Nomura has downgraded ABB India to a Reduce rating and set a target price of ₹4,970, which is below the current market price of ₹5,575.00. The brokerage cited a weaker-than-expected Q1 performance and limited near-term upside after the recent stock run-up.
For Q1CY25, sales, adjusted EBITDA, and PAT were 8%, 10%, and 9% below consensus estimates, respectively. ABB reported a profit after tax (PAT) of ₹470 crore, a modest 3% year-on-year increase, but 5% below Nomura’s estimate and 9% below street expectations.
While operating metrics fell short, order inflows remained a positive, standing at ₹3,750 crore, up 4% YoY, and 4% ahead of Nomura’s forecast. Base order inflows also saw healthy growth of 9.6% YoY, reflecting resilient demand across segments.

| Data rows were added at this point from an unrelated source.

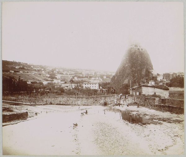 Curator: Here we have “Bandenwissel van automobiel op een weg bij Rocamadour,” a photographic print captured in 1903. Delizy is the artist behind it. It's part of the Rijksmuseum collection. Editor: Oh, what a captivatingly mundane scene. There’s something incredibly still and human about it, like pausing time itself. All that brown hues and textures evoke a profound sense of nostalgia and history, with just a tinge of humor about the breakdown itself. Curator: Right? It’s funny, isn't it, that something as commonplace as changing a tire has become a window into the past? I am very interested in the symbolism here: that stranded car might evoke a metaphor for the halting of progress. Notice how tiny Rocamadour is against the vast sky. Is the old world looming over the new, creating a certain anxiety? Editor: Or maybe they're simply showing the marriage of old and new; it can be read in two directions, right? The men are resolutely fixing it, becoming part of the landscape. It seems that the modern machine becomes another ancient building clinging to that cliffside. Curator: That's an interesting reading. Look closely at how Delizy positions the subjects. Their attire suggests a particular class, possibly leisurely tourists, making this roadside stop almost performative. Editor: I think so, too. But even more striking is how the landscape dominates. Even with their newfangled automobile, the men are still subordinate to the timeless power of nature. It all has a circular, eternal quality. Curator: And the road itself – the setting of the scene is, quite literally, at a crossroads. Maybe it symbolizes our uncertain trajectory at the beginning of the century. I can certainly feel its psychological effect—the anxiety surrounding the advent of machine in landscape. Editor: Absolutely. Delizy has immortalized not just a flat tire, but that pivotal moment when human ingenuity confronts both its potential and its limitations against nature. The road, the ancient village...it's all woven together. It is as though photography can freeze time, making visible all its invisible and unexpected connections. Curator: True. I now think of it less about technological anxiety and more like Delizy finding grace even in the pause.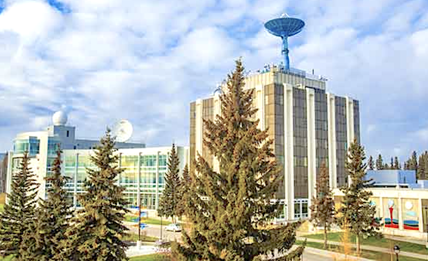 The Alaska Satellite Facility operates six satellite dish antennas, four of them for NASA, that downlink Earth-observing remote sensing data from polar-orbiting government and commercial satellites. Among those antennas is the iconic blue dish atop the Elvey Building, home of the Geophysical Institute.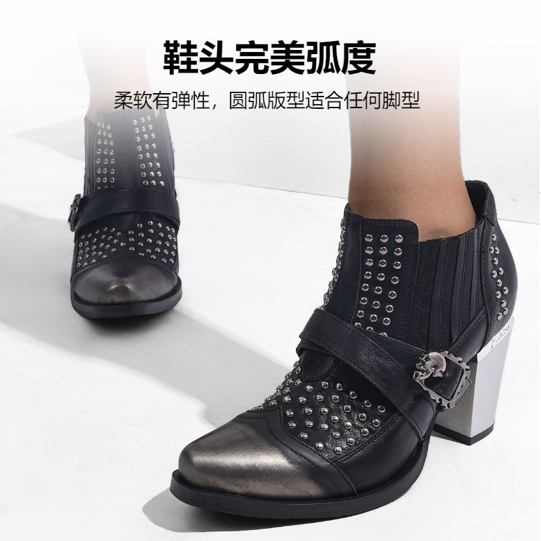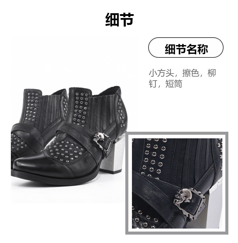 미국 사이즈 하이힐 남녀공용 봄 가을 숏부츠 여성용 컬러풀한 디테일의 러그드 스타일 두꺼운 굽 숏부츠 트렌디한 스퀘어토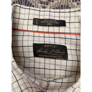 Orvis Button Down Shirt Plaid Vintage 90s Windowpane Blue Cream Size XXL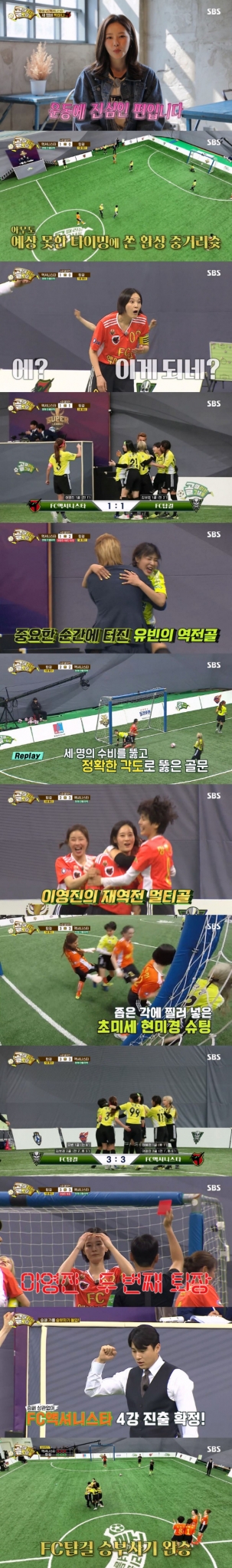 4강 진출 팀은 '액셔니스타', '구척장신', '불나방', '월드클라쓰'로 확정되었고, 지난 시즌 우승팀인 '탑걸'은 4강 진출이 무산되었다. 하지만 김병지 감독의 연패 사슬을 끊기 위해 팀원 모두 마지막 승부차기에 집중했고, 아유미의 연속 선방 끝에 3대0으로 승부차기 승리를 가져왔다. 경기 후 '탑걸'의 골키퍼 아유미는 승리에도 불구하고 4강행이 불발된 아쉬움에 눈물을 펑펑 흘려 안타까움을 자아냈다.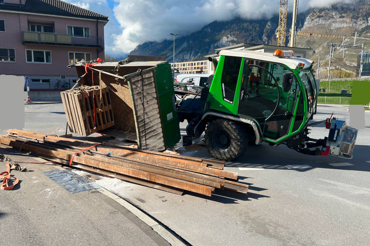 Am Freitag (04.11.2022) 12:15 Uhr, ist es im Kreisel Ring-/Salvatorenstrasse zu einem Selbstunfall mit einem Motorkarren gekommen. Dabei kippte das Fahrzeug und verlor die Ladung

ABB’s cash position improved to ₹5,760 crore at the end of Q1CY25, compared to ₹5,000 crore in Q1CY24 and ₹5,400 crore in the previous quarter, indicating strong liquidity and operational discipline.
Despite these positives, Nomura believes the current valuation already factors in near-term growth, and with earnings delivery missing expectations, the brokerage prefers to adopt a cautious stance.
Disclaimer: This article is based entirely on brokerage commentary and company disclosures. It does not constitute investment advice. Business Upturn and the author do not recommend buying or selling any stock mentioned.